Students at Goddard College in Vermont will hear Pennsylvania imprisoned journalist, Mumia Abu-Jamal, give their commencement address this Sunday, October 5, 2014.

Police and supporting conservative politicians are up in arms, denouncing Goddard College, even pressing for cancellation of Abu-Jamal’s address.

Abu-Jamal’s speech will have to be a pre-recorded speech, a genre the veteran journalist has honed to award-winning form, in local Philadelphia radio and for National Public Radio. His skills and awards came prior to being convicted in 1982 for the killing of Officer Daniel Faulkner, and before he served over 29 years on death row. His death sentence was ruled unconstitutional in 2001, and finally vacated in 2011. He now serves a life sentence in a Pennsylvania prison.

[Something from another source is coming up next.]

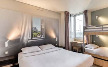 At B&B HOTELS in Montpellier, we offer family rooms for 3 or 4 people. Your whole tribe can thus stay and sleep in the same room. On request, we install a crib in the room for children under 3 years old.
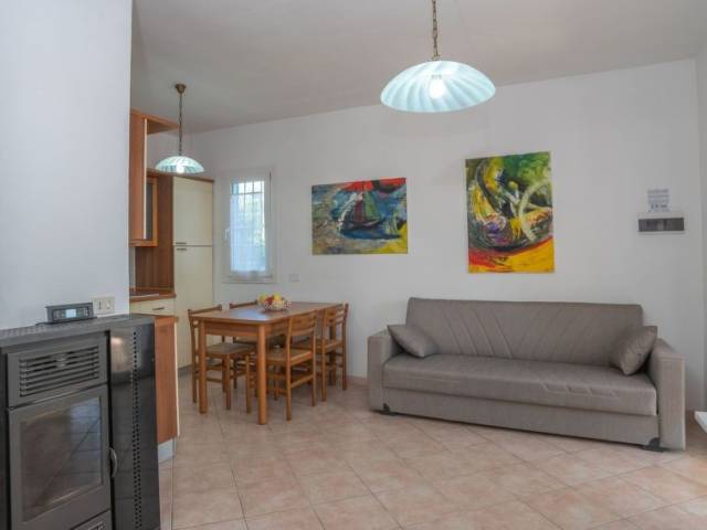 Apartamento de 3 estancias 77 m2, en la planta baja. Con mobiliario sencillo y confortable: salón-comedor con chimenea (sólo con función decorativa), TV, TV satélite y pantalla plana. Salida a la terraza. 1 dorm. doble. 1 dorm. con 2 camas. Rincón-cocina (4 fogones, horno, congelador) con mesa de comedor. Ducha/bidet/WC. Terraza pequeña cubierta. Barbacoa. Vista parcial al mar. El alojamiento dispone de: plancha, secador de pelo. A tener en cuenta: 1 mascota / perro. Entrada privada. Q2314

From death row and prison, Abu-Jamal’s renown only grew. He has authored thousands of audio and print essays, and eight books. He also earned a Bachelors degree (Goddard College) and a Masters degree (California State University / Dominguez Hills) while in prison. He has become “the voice of the voiceless” for many repressed voices in the nation and world. While he is, himself, a life-long critic of racist brutal cops, he wrote in defense of LA police whose federal retrial for the 1992 Rodney King beating he saw as “clear violation” of their freedom from “double-jeopardy.”

His humanity, courage, power of pen and mind, as well as the flagrant injustice of his own treatment during trial and appeals, have drawn human rights activists’ attention. Amnesty International declared his 1982 trial “in violation of minimum international standards that govern fair trial procedures.” South African Archbishop Desmond Tutu demands he “be released immediately.”

The conservative media, the Fraternal Order of Police, their political cronies like Pennsylvania’s Senator Pat Toomey and its Governor Thomas Corbett, along with the state’s head of the Department of Corrections – all find Goddard’s invitation an outrage, an affront to law enforcement, to all society.

We beg to differ. In many ways, Abu-Jamal, imprisoned for decades, is this nation’s Nelson Mandela. He’s a life-long fighter against entrenched white racism. He is part of a generation of political activists, who during the 1960s and 1970s felt the full force of state repression. Armed state agents murdered Black radicals, unleashed illegal operations like COINTELPRO against them, attacked activists and their families, and destroyed programs led by organizers from Black, Latino, and Indian communities. Having committed no crime, the FBI still compiled a 600-page file on Abu-Jamal, beginning when he was a 15-year old writer for the Black Panther Party, which continued even after he left the Party after two years. Abu-Jamal received death threats from police on the streets. He was nearly beaten to death by the police who wrongfully apprehended him for Officer Faulkner’s shooting death. Abu-Jamal and many other US political prisoners should be honored, and Abu-Jamal especially for his fortitude, and for his role in galvanizing movements of conscience the world over. We need his voice more than ever, as we face today’s violence of brutal policing and entrenched mass incarceration.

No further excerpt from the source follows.